# New Guy From Northwest Florida



## yobata (Jul 14, 2015)

nice truck! and welcome


----------



## Roninrus1 (Mar 9, 2016)

Welcome, how is the fishing in your area?
Close enough to us for a one day drive then a couple of days fishing.
Love the Glades but, that physical-fitness drive gets old.


----------



## SoloMike (Sep 30, 2016)

Roninrus1 said:


> Welcome, how is the fishing in your area?
> Close enough to us for a one day drive then a couple of days fishing.
> Love the Glades but, that physical-fitness drive gets old.


Thanks Ronin, fishing is great up here especially this time of year. I used to do a lot of offshore fishing, but now I stick to the bays. The flounder are starting to show up in big numbers right now, but for some reason the trout bite has been slower this year than in previous years (perhaps due to the lingering red-tide that we had for several months). The redfish bite usually slows during the winter, but that's when you can tear up the trout in the bayous and especially in one particular area where there is a canal that leads up to a steam plant that puts out warm water.


----------



## Roninrus1 (Mar 9, 2016)

We had a fairly slow year due to the amount of rain we had. Bays have stayed FRESH up until about 2 weeks ago. Just starting to get fall patterns here too.
Just love that clear Florida water for sight fishing reds!
Good luck and hope the hurricane misses everybody there!


----------



## LowHydrogen (Dec 31, 2015)

Welcome. I live just East of you, I fish East bay, St.Joe and crooked island. Glad to have another NW FL guy here.


----------



## SoloMike (Sep 30, 2016)

LowHydrogen said:


> Welcome. I live just East of you, I fish East bay, St.Joe and crooked island. Glad to have another NW FL guy here.


Thanks man! Eastbay is my favorite spot to fish. Havent made it over to do any fishing in St Joe area only scalloping, but love going to Crooked Island.


----------



## DeepSouthFly (Sep 7, 2016)

Another panhandle dude on the board! I'm from bama but fish PC and St. Joe alot. Solo Mike I might be heading down this weekend to meet a guy to sell my Bossman. If I cant get anybody to come with I might be hitting you up!


----------



## LowHydrogen (Dec 31, 2015)

SoloMike said:


> Thanks man! Eastbay is my favorite spot to fish. Havent made it over to do any fishing in St Joe area only scalloping, but love going to Crooked Island.

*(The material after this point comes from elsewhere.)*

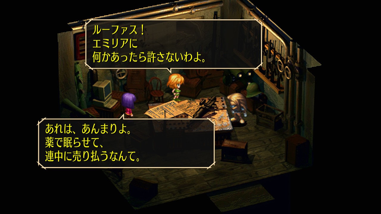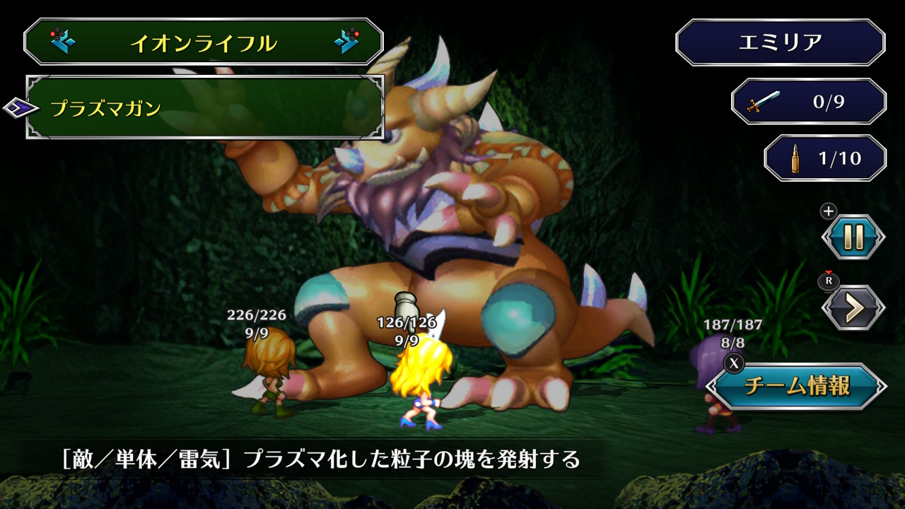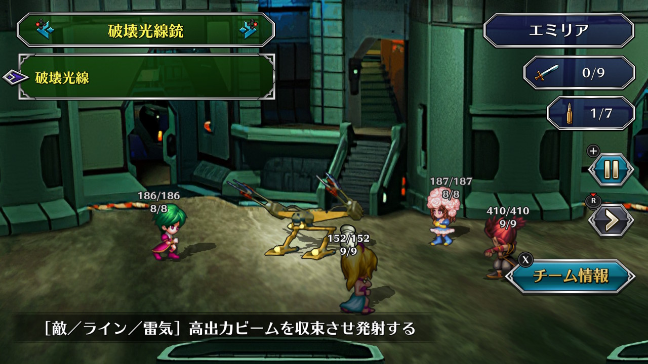 アニー日記 エミリア編2 サガシリーズ 2021年05月05日 はい、エミリア編の続き。今回は予告通り世界巡りからスタートです。 とはいってもお宝を拾うだけでほとんど戦闘は必要ない。道を塞いでいるのはオウミのデビルテンタクラー、シンロウ遺跡の固定敵くらいかな。逃走があるので敵避けの難所とかも関係なく、ずんずん拾っていけます。特に美味しいのはシンロウの古代のシップ。ここで手に入る強化装甲とデュエルガンをスクラップで売却すれば合計5500クレジットになる他、金袋もちょくちょく落ちている。また売れはしないが電束放射器は強力な重火器。ありがたく使わせてもらおう。シュライク・済王の古墳ではナイトスケルトン2体がお宝を守っている。普段は互いをディフレクトで守り合う嫌な相手だが重火器なら相性はいい。敵の連携にだけ注意(何をするわけでもないが)しつつ、プラズマガンをぶち込んでいく。天叢雲剣は何の役にも立たないが、水鏡の盾は非常に優秀。物理・熱属性の回避に加えて水耐性も備える。鎮魂の勾玉も固有能力の聖歌が非常に強いが今回は使用は禁止。とはいえ単なる防具としてもそこそこ優秀。水耐性を得たのでイカ撃破に挑戦。ルーファスにバックパック、HPの低いエミリアに水鏡を持たせ、他の連中は冷・気防をなるべく高めて初ターンは防御。それでもライザが落ちてしまったが傷薬で回復しながらプラズマガンを中心に攻めていく。2度目のメイルシュトロームが来なければあとは楽勝だ。ここらでクーロンに戻り、破壊光線銃と粒子加速砲を購入。最後まで使える武器たちだ。火力が高まったところでシンロウ遺跡に潜り、ヴァルキリーから精霊銀の腕輪を強奪。落ちている分と合わせて精霊銀装備が3つ手に入る。最奥でエクセルガードも入手してウハウハ。装備が一気に充実したところでグラディウスの任務を進めていく。まずはシンロウの仮面武闘会だが、これはボスがめちゃくちゃ雑魚なのでどうでもいい。イベント前の余興として負けてもいいバトルがあり、こっちはそこそこ強いやつが出てくる。普段はここで技の閃きを狙うのも一興だが今回はそれもないのでソッコーで負ける。4人全員が強めの重火器を持っているのでゴブリン戦は楽勝。というかここで苦戦するほうが難しい。バカラではボスと戦わないという選択肢もある。実はここでエンディングの分岐がなされており、ボスと戦わないことでハッピーエンドフラグが立つのだが、ノーマルエンドの方が断然好きなので今回は戦うことに。あと単純に戦いたいしね。巨獣は見た目通り、物理攻撃を得意とするパワータイプ。こちらは物理防御を上げ、全員に盾とジェットブーツを装備。ジェットブーツがあれば使用頻度の高い尾撃と非常に痛い地震を封殺できるのでかなり有利になる。これらを除けば単体攻撃ばかりなので、3人いれば崩されることはそうない。攻撃力は高いがHPはそう高くないので、プラズマプラズマ光線を何度か叩き込めば勝てる。バカラを突破したらお次はラムダ基地。ここでアセルス、白薔薇、ゾズマが加入。上級妖魔はラストボスに対して有利に戦えるので、白薔薇とゾズマはラストメンバー候補筆頭。アセルスは今回のプレイでは妖魔化できない。ここからはエミリアに破壊光線銃を持たせる。破壊光線は威力こそ高いが連携は不得意で、特に後ろにはほとんど繋がらない。プラズマガン→破壊光線は幸い繋がるので、最終的にはプラズマ~プラズマ光線が主軸になるだろう。ここで大事になるのが行動順。前回にちょっと言ったが、今回のプレイでQUIが上がることはないので、初期値の低いエミリアは基本ずっと最遅になる。というわけで最後尾の破壊光線係はエミリアに一任することに。この時点での破壊光線の威力はなかなかのもので、キャンキャン、リビングアーマーともにそこまで苦戦はしなかった。ただ、回復がアイテムのみというのがこのあたりから効いてくる。バックパックは1個しかなく、それ以外のアイテムは1個につき武器欄1個を占領する。敵のHPが増えれば必要な弾数も増えてくるため、今後はどこまで重火器を装備しどこまでをアイテムに割くかのせめぎあいになってくる。精神耐性を持つ白薔薇とゾズマが加入したのでちょっとミミックと対決。エミリアにパープルアイを装備させたので、最も怖い魅了凝視を3人が無効化できる。じゃあゾズマを前列に置けばいいのにね……あ、見切りを狙ってたのか。ミミックは強敵だが連携さえ決められれば2ターン程度で撃破できる。粘って精霊銀の腕輪を無事入手。ラムダ基地2回目は短縮ルートで。こちらでは1回目同様、2ランク上のメカ系との戦闘になる。というわけで今度は単独でキャンキャンとの戦闘。破壊光線2発で撃破はできるのだが、お供が出てきて連携を食らってしまい1敗。ここに関してはエミリアの剣技やら銃技を頑張って鍛えるよりも破壊光線の方が楽かも。イベント後、グラディウスの仲間が迎

Saw some big reds in crooked island 2 weeks ago, but they were down deep and had lockjaw


----------



## SoloMike (Sep 30, 2016)

Ethan Harris said:


> Another panhandle dude on the board! I'm from bama but fish PC and St. Joe alot. Solo Mike I might be heading down this weekend to meet a guy to sell my Bossman. If I cant get anybody to come with I might be hitting you up!


Sounds good man just lmk! I'm always down to fish on the weekends. 



LowHydrogen said:


> Saw some big reds in crooked island 2 weeks ago, but they were down deep and had lockjaw


Any decent sized trout out there this year? I was out of commission with a broke ankle most of the summer so I didn't fish up there as much as I would have liked. The flats directly across from the pass and wild goose lagoon are my 2 favorite spots at CI. Saw the biggest trout I have ever seen in my life over there last year. He followed a smaller trout all the way up to my boat trying to steal the topwater out of his mouth.


----------



## DeepSouthFly (Sep 7, 2016)

LowHydrogen said:


> Saw some big reds in crooked island 2 weeks ago, but they were down deep and had lockjaw


I was there this past weekend. Saw some good ones as well but same story. Couldn't get one to eat. So many mullet in there right now. I have never seen it like that before. All back in wild goose lagoon. I mean seriously you couldn't stir em with a stick they were so thick in there. Big reds were hanging with them too but they had the water so stirred up you couldn't see them until you were on top of them then they'd blow out.


----------



## SoloMike (Sep 30, 2016)

Ethan Harris said:


> I was there this past weekend. Saw some good ones as well but same story. Couldn't get one to eat. So many mullet in there right now. I have never seen it like that before. All back in wild goose lagoon. I mean seriously you couldn't stir em with a stick they were so thick in there. Big reds were hanging with them too but they had the water so stirred up you couldn't see them until you were on top of them then they'd blow out.


Mullet and Jellyfish are EVERYWHERE right now. I fished westbay on Sunday and aside from the winds it was a nice day on the water, but like you guys I couldn't get any big reds to bite. Couldn't keep the tiny trout off my line though and I was able to get a few lower slot reds to eat on topwater when I found em mixed in with the mullet.


----------



## LowHydrogen (Dec 31, 2015)

Ethan Harris said:


> I was there this past weekend. Saw some good ones as well but same story. Couldn't get one to eat. So many mullet in there right now. I have never seen it like that before. All back in wild goose lagoon. I mean seriously you couldn't stir em with a stick they were so thick in there. Big reds were hanging with them too but they had the water so stirred up you couldn't see them until you were on top of them then they'd blow out.


X2. Those mullet were were huge, I'm thinking they're getting fat ahead of producing roe. I took a red on fly inside goose pt in East bay last week, but wind got down right ridiculous, poling was getting to be a bitch. I spent most of the day poling with my buddy on the bow. Only threw at 3 fish myself.


----------



## DeepSouthFly (Sep 7, 2016)

LowHydrogen said:


> X2. Those mullet were were huge, I'm thinking they're getting fat ahead of producing roe. I took a red on fly inside goose pt in East bay last week, but wind got down right ridiculous, poling was getting to be a bitch. I spent most of the day poling with my buddy on the bow. Only threw at 3 fish myself.


I love fishing that area. A lot of reds over there. Same with the mullet in CI. Biggest mullet I've ever seen in my life! haha


----------



## CPurvis (Apr 6, 2016)

Panama City here also.


----------